== BRIEF ==
Word for word, restate each of the entries below, and drop every picture.
Content starts
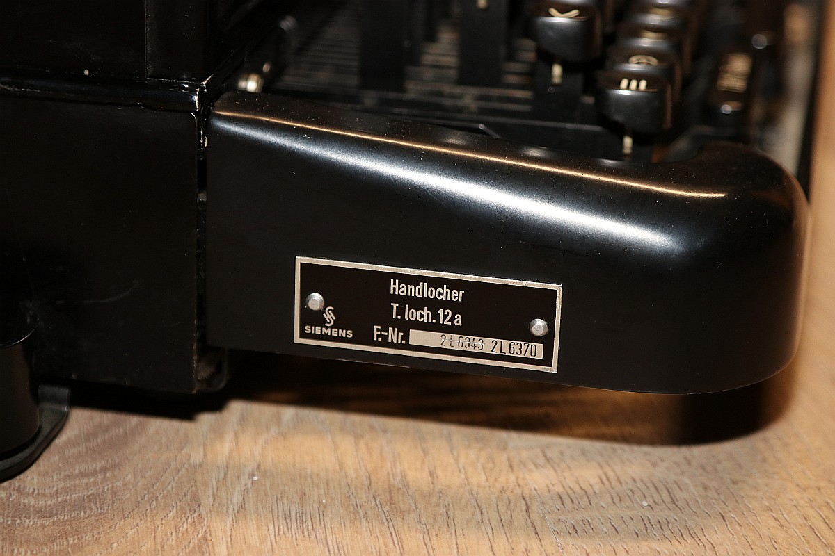 {Der Siemens Handlocher T.loch.12a} Ich hätte es wissen müssen... wenn so ein schönes Gerät schon "Handlocher" genannt wird, dann sollte man nicht in die nicht laufende Maschine greifen... aber erst mal alles von Anfang an. Der Siemens T.loch.12a - Baujahr 1955 - ist quasi die Reiseschreibmaschine unter den Fernschreibern. Wer gerade kein Fernschreibnetz zur Verfügung hat und trotzdem schon mal seine Webseitentexte vorbereiten will, der greift zum Handlocher T.loch.12a. Dieser bringt den Text problemlos in ein 5-Loch Fernschreiberformat auf Lochstreifenband.
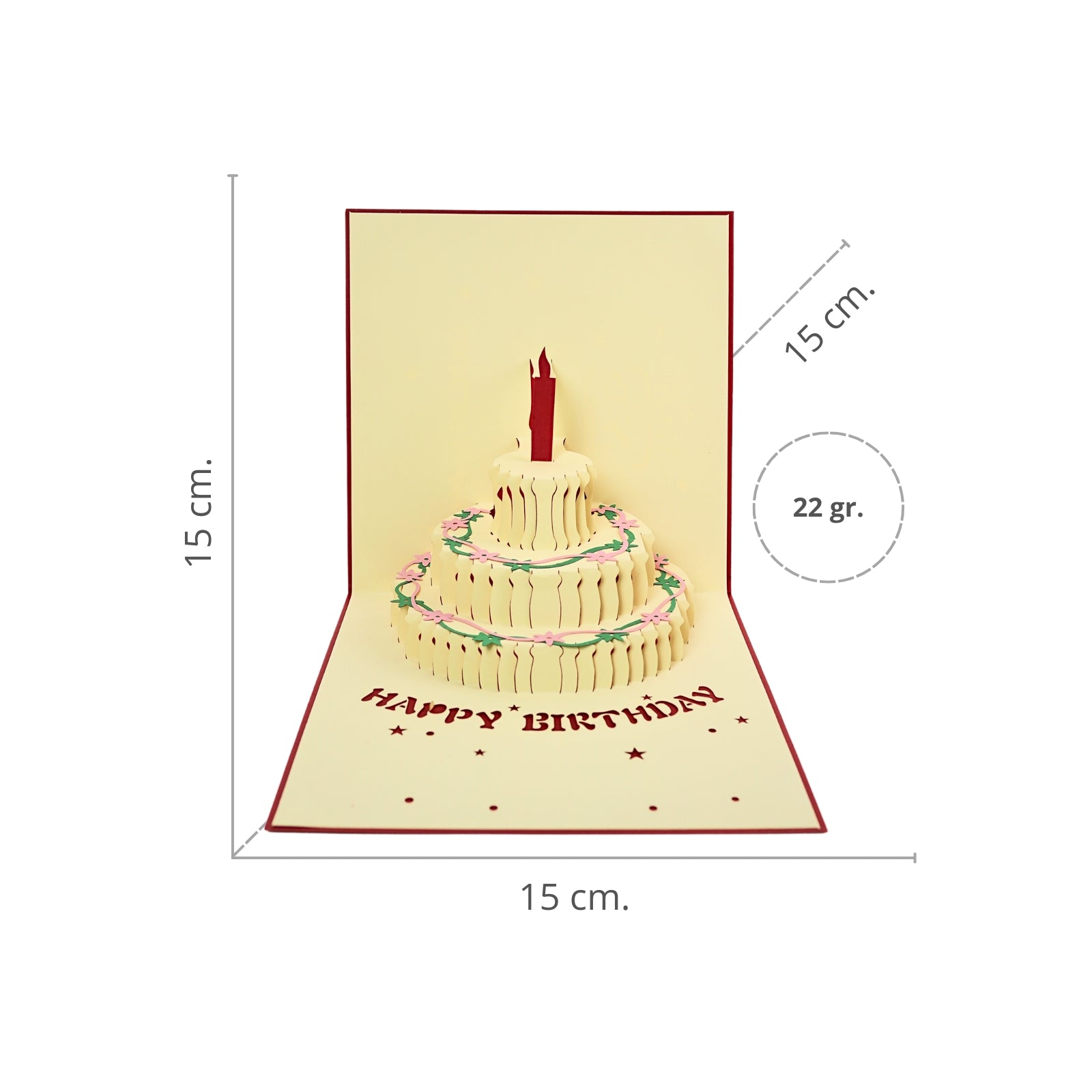Sorprende a tu ser querido con una tarjeta única y especial. Al abrirla, un hermoso pastel de cumpleaños se despliega en un increíble efecto 3D, creando un momento mágico e inolvidable.
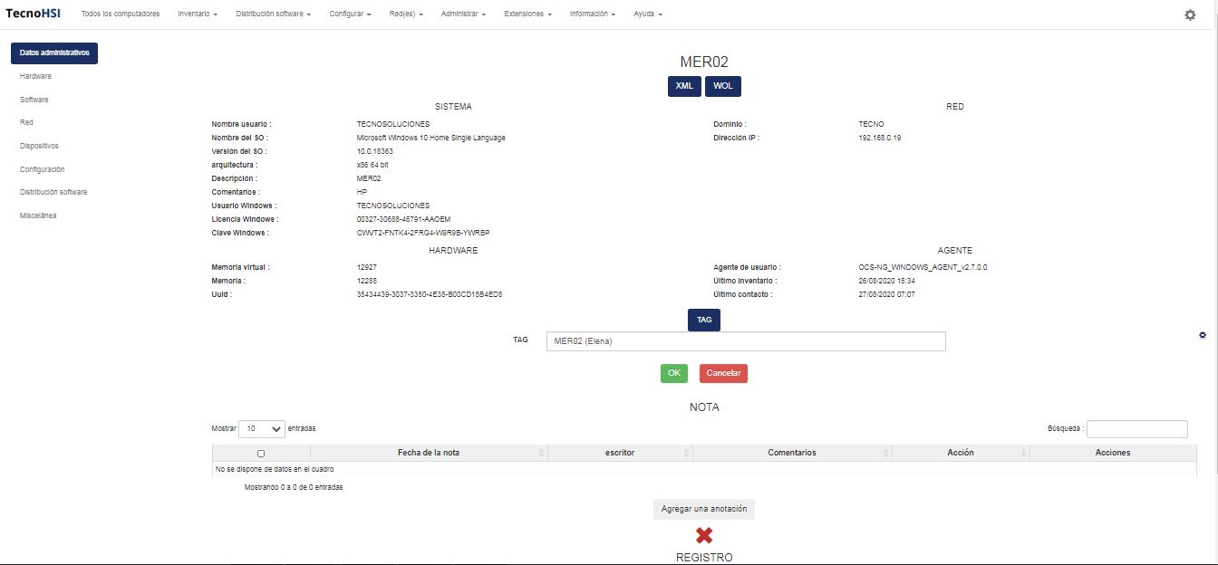 - Sección especial Datos administrativos: utilice esta sección para mostrar los datos administrativos del dispositivo. Esta página encaja con su configuración en la pestaña “admininfo”. Utilice el botón “actualizar” para cambiar los valores.
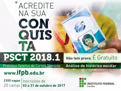 O Instituto Federal da Paraíba divulgou nesta quinta-feira (14), os editais do Processo Seletivo para os Cursos Técnicos (PSCT 2018). Ao todo, estão ofertadas 3.355 vagas para cursos técnicos integrados e subsequentes ao Ensino Médio. Para o campus Campina Grande estão destinadas 550 vagas. As inscrições vão de 02 a 31 de outubro através do preenchimento eletrônico de formulário e questionário socioeconômico disponibilizados no endereço estudante.ifpb.edu.br.
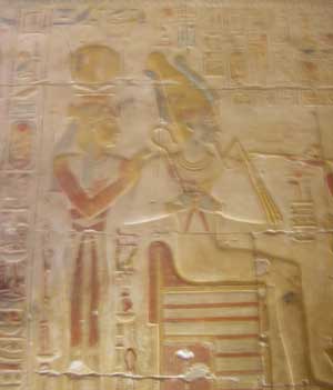 Isis was the first daughter of Geb, the earth god and Nut the sky goddess, and she was the sister and wife of Osiris. Her Egyptian name was Auset, thought to mean “throne”. In the murals Isis is often portrayed wearing a vulture-shaped headdress with two horns cradling a solar disk, revealing her association with Ma’at and Hathor.
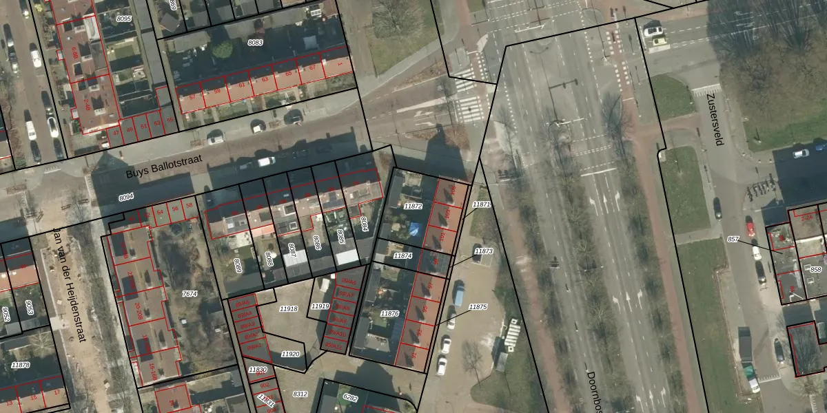 Gebruik de zoekbalk of klik op een perceel om informatie over het perceel te bekijken.
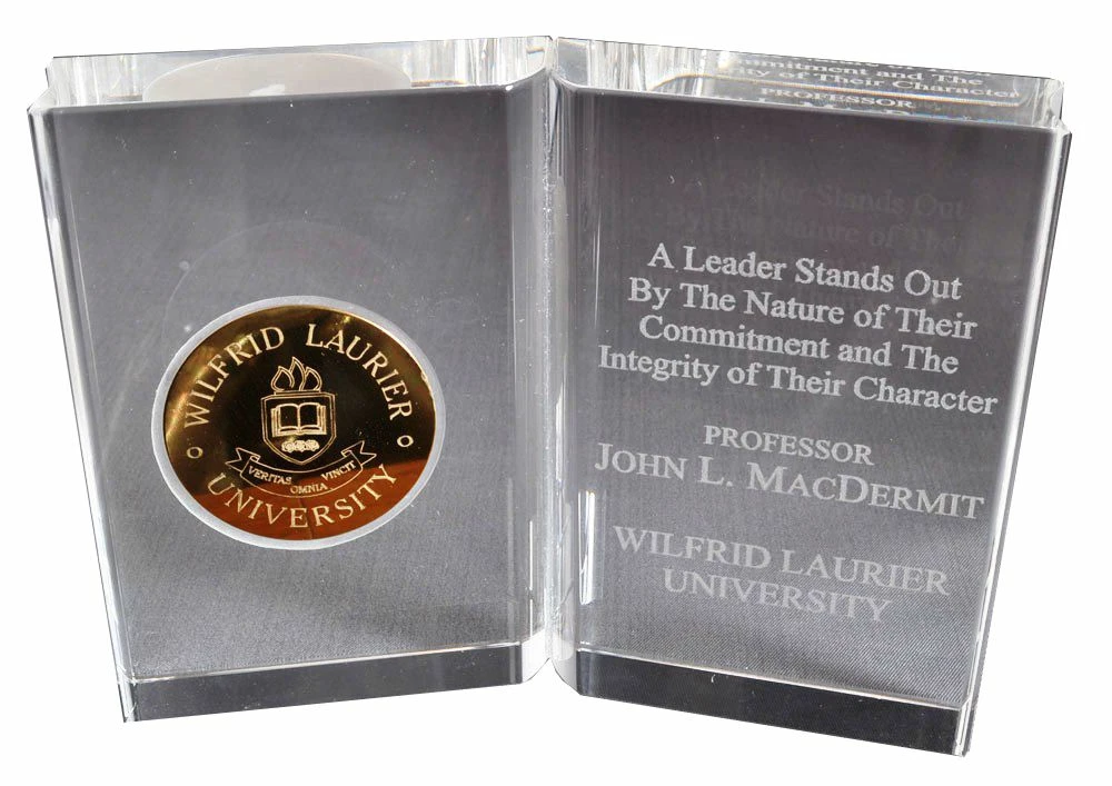 This clear crystal award resembles an open book. Due to the angle of the pages, the award can stand upright without having a base.
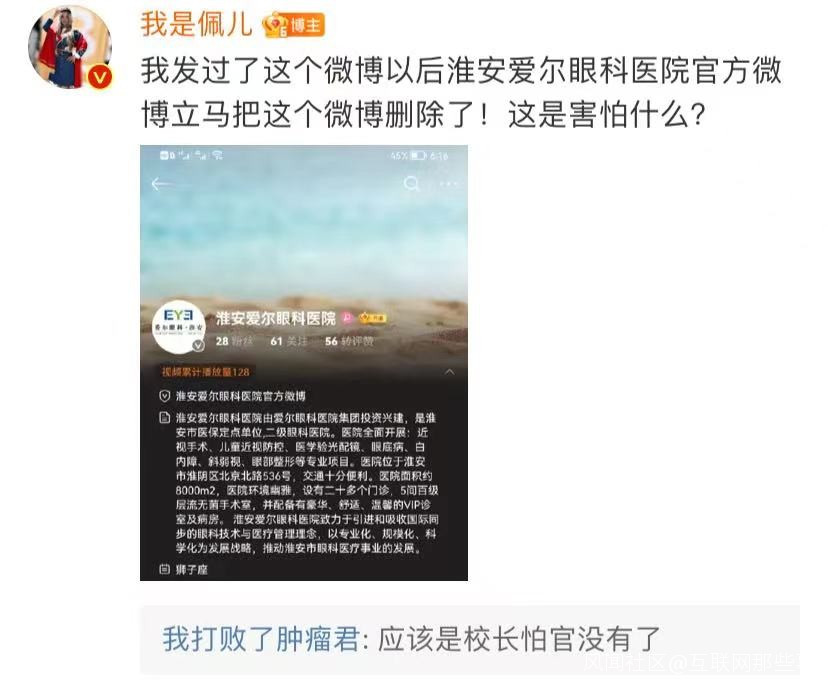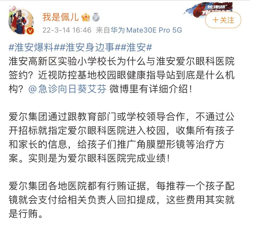 近日與抗疫醫生艾芬關係密切的“我是佩兒”發文稱愛爾集團通過跟教育部門或學校合作,未通過公開招標就指定愛爾眼科醫院進入校園,收集所有孩子和家長的信息,給孩子們推廣角膜塑形鏡等治療方案,實則是為愛爾眼科醫院完成業績。
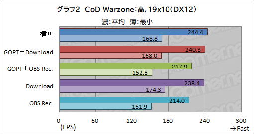 ダウンロード中は,ゲームオプティマイザーオンで平均2fpsの向上と微妙な程度だが,OBSによる録画はゲームオプティマイザーで平均4fps近い向上が得られた。Watch Dogs Legionにおけるダウンロード時ほどではないが,効果が見られたと考えていいだろう。
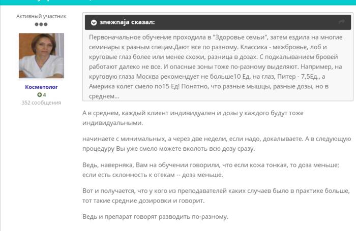 На форумах косметологи обсуждают вопросы работы с инъекциями ботокса, делятся опытом работы с различными препаратами.
Content ends
== TASK OUTPUT ==
 {Der Siemens Handlocher T.loch.12a} Ich hätte es wissen müssen... wenn so ein schönes Gerät schon "Handlocher" genannt wird, dann sollte man nicht in die nicht laufende Maschine greifen... aber erst mal alles von Anfang an. Der Siemens T.loch.12a - Baujahr 1955 - ist quasi die Reiseschreibmaschine unter den Fernschreibern. Wer gerade kein Fernschreibnetz zur Verfügung hat und trotzdem schon mal seine Webseitentexte vorbereiten will, der greift zum Handlocher T.loch.12a. Dieser bringt den Text problemlos in ein 5-Loch Fernschreiberformat auf Lochstreifenband.
Sorprende a tu ser querido con una tarjeta única y especial. Al abrirla, un hermoso pastel de cumpleaños se despliega en un increíble efecto 3D, creando un momento mágico e inolvidable.
 - Sección especial Datos administrativos: utilice esta sección para mostrar los datos administrativos del dispositivo. Esta página encaja con su configuración en la pestaña “admininfo”. Utilice el botón “actualizar” para cambiar los valores.
 O Instituto Federal da Paraíba divulgou nesta quinta-feira (14), os editais do Processo Seletivo para os Cursos Técnicos (PSCT 2018). Ao todo, estão ofertadas 3.355 vagas para cursos técnicos integrados e subsequentes ao Ensino Médio. Para o campus Campina Grande estão destinadas 550 vagas. As inscrições vão de 02 a 31 de outubro através do preenchimento eletrônico de formulário e questionário socioeconômico disponibilizados no endereço estudante.ifpb.edu.br.
 Isis was the first daughter of Geb, the earth god and Nut the sky goddess, and she was the sister and wife of Osiris. Her Egyptian name was Auset, thought to mean “throne”. In the murals Isis is often portrayed wearing a vulture-shaped headdress with two horns cradling a solar disk, revealing her association with Ma’at and Hathor.
 Gebruik de zoekbalk of klik op een perceel om informatie over het perceel te bekijken.
 This clear crystal award resembles an open book. Due to the angle of the pages, the award can stand upright without having a base.
 近日與抗疫醫生艾芬關係密切的“我是佩兒”發文稱愛爾集團通過跟教育部門或學校合作,未通過公開招標就指定愛爾眼科醫院進入校園,收集所有孩子和家長的信息,給孩子們推廣角膜塑形鏡等治療方案,實則是為愛爾眼科醫院完成業績。
 ダウンロード中は,ゲームオプティマイザーオンで平均2fpsの向上と微妙な程度だが,OBSによる録画はゲームオプティマイザーで平均4fps近い向上が得られた。Watch Dogs Legionにおけるダウンロード時ほどではないが,効果が見られたと考えていいだろう。
 На форумах косметологи обсуждают вопросы работы с инъекциями ботокса, делятся опытом работы с различными препаратами.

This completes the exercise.